Snippet 1: The pipeline
async def process_post(text: str) -> Classification | None:
# Stage 1: metadata filter
if len(text) < 20 or detect_language(text) != "en":
return None
# Stage 2: shape filter
lines = text.strip().split("\n")
if len(lines) < 3 or avg_line_length(lines) > 60:
return None
# Stage 3: profanity filter
if contains_profanity(text):
return None
# Stage 4: cheap LLM
cheap_result = await classify_with_llm(text, model="gpt-5-mini")
if cheap_result.confidence < 0.8:
return None
# Stage 5: smart LLM
return await classify_with_llm(text, model="gpt-5.4")
Q: What's wrong with this?
Problem: no abstraction over pipeline stages
I see ghosts of unnamed abstractions!!!
Every stage is a different function with a different signature, and the pipeline logic (the sequence of filters) is tangled with the filtering logic.
What if we want to:
- Reorder stages? We have to move code blocks around.
- Add/remove a stage? We edit the middle of a function.
- Reuse a stage in a different pipeline? We copy-paste.
- Test a single stage in isolation? Awkward.
Better design: make "pipeline stage" an explicit abstraction.
class Stage:
"""A single stage in the classification pipeline."""
name: str
def matches(self, text: str) -> bool:
"""Returns True if the post should pass through to the next stage."""
...
class MetadataFilter(Stage):
name = "metadata"
def matches(self, text: str) -> bool:
return len(text) >= 20 and detect_language(text) == "en"
class ShapeFilter(Stage):
...
class LLMFilter(Stage):
def __init__(self, model: str, threshold: float):
self.model = model
self.threshold = threshold
async def matches(self, text: str) -> bool:
result = await classify_with_llm(text, self.model)
return result.confidence >= self.threshold
Now the pipeline is just a list:
pipeline: list[Stage] = [
MetadataFilter(),
ShapeFilter(),
ProfanityFilter(),
LLMFilter(model="gpt-5-mini", threshold=0.8),
LLMFilter(model="gpt-5.4", threshold=0.5),
]
Configurable, testable, extensible — all because we named the abstraction.
Snippet 2: The main loop
async def listen_to_websocket() -> None:
async with websockets.connect(uri) as websocket:
while True:
text = await get_post(websocket)
result = await run_pipeline(text, pipeline)

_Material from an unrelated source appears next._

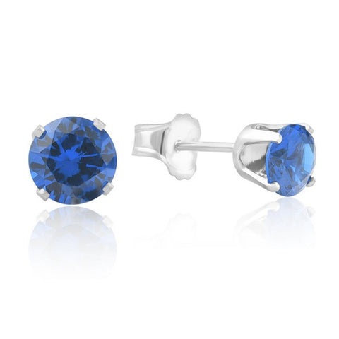 1Ct TW Blue Sapphire 5mm Studs in 10k White or Yellow Gold

if result is not None and result.is_poem:
print(text)
Q: What's wrong with this?
Problem: we're processing posts one at a time
The firehose produces ~16 posts/second. Each LLM call takes ~0.5–2 seconds.

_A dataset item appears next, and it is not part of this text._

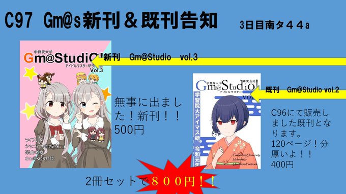 【C97情報】 新刊「Gm@Studio vol.3」を出します!! 3日目南タ44aでの販売です C97での既刊との2冊セットで非常にお買い得です! 是非お買い求めください〜! 記事については少しずつご紹介していきますね (ツミナ)

We're await-ing each post before reading the next one —
which means we fall further behind with every second.
Better design: decouple reading from processing with a producer-consumer pattern.
queue: asyncio.Queue[str] = asyncio.Queue(maxsize=1000)

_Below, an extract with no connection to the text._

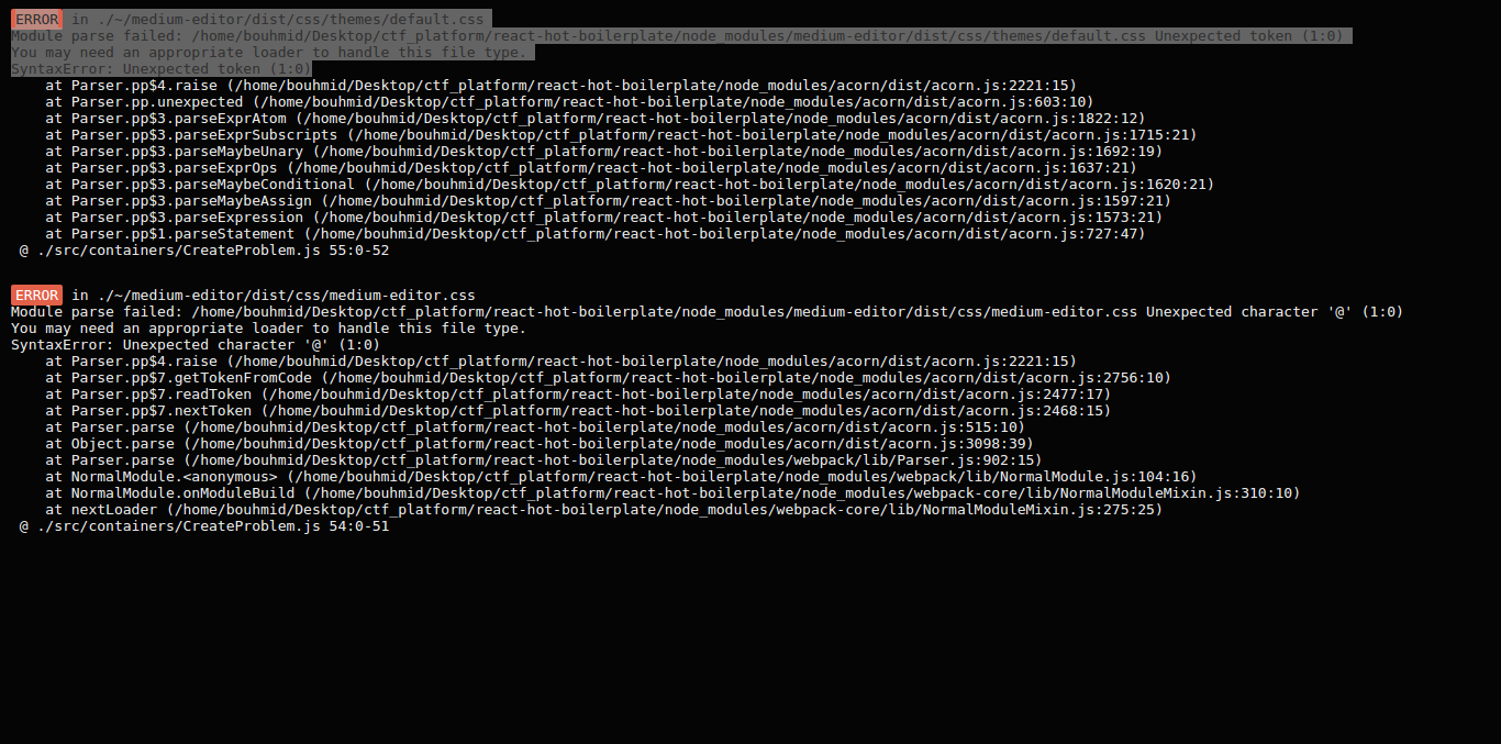 ERROR in ./~/medium-editor/dist/css/themes/default.css Module parse failed: /home/bouhmid/Desktop/ctf_platform/react-hot-boilerplate/node_modules/medium-editor/dist/css/themes/default.css Unexpected token (1:0) You may need an appropriate loader to handle this file type. SyntaxError: Unexpected token (1:0) #73

async def producer(queue: asyncio.Queue[str]) -> None:
"""Reads posts from the firehose and enqueues them."""
async with websockets.connect(uri) as websocket:
while True:
text = await get_post(websocket)
await queue.put(text)
async def consumer(queue: asyncio.Queue[str], pipeline: list[Stage]) -> None:
"""Takes posts from the queue and runs them through the pipeline."""
while True:
text = await queue.get()
result = await run_pipeline(text, pipeline)
if result is not None and result.is_poem:
print(text)
async def main() -> None:
queue = asyncio.Queue(maxsize=1000)
async with asyncio.TaskGroup() as tg:
tg.create_task(producer(queue))
# Multiple consumers to parallelize LLM calls
for _ in range(10):
tg.create_task(consumer(queue, pipeline))
Now we have one producer filling the queue, and 10 consumers draining it in parallel — each one independently making LLM calls without blocking the others.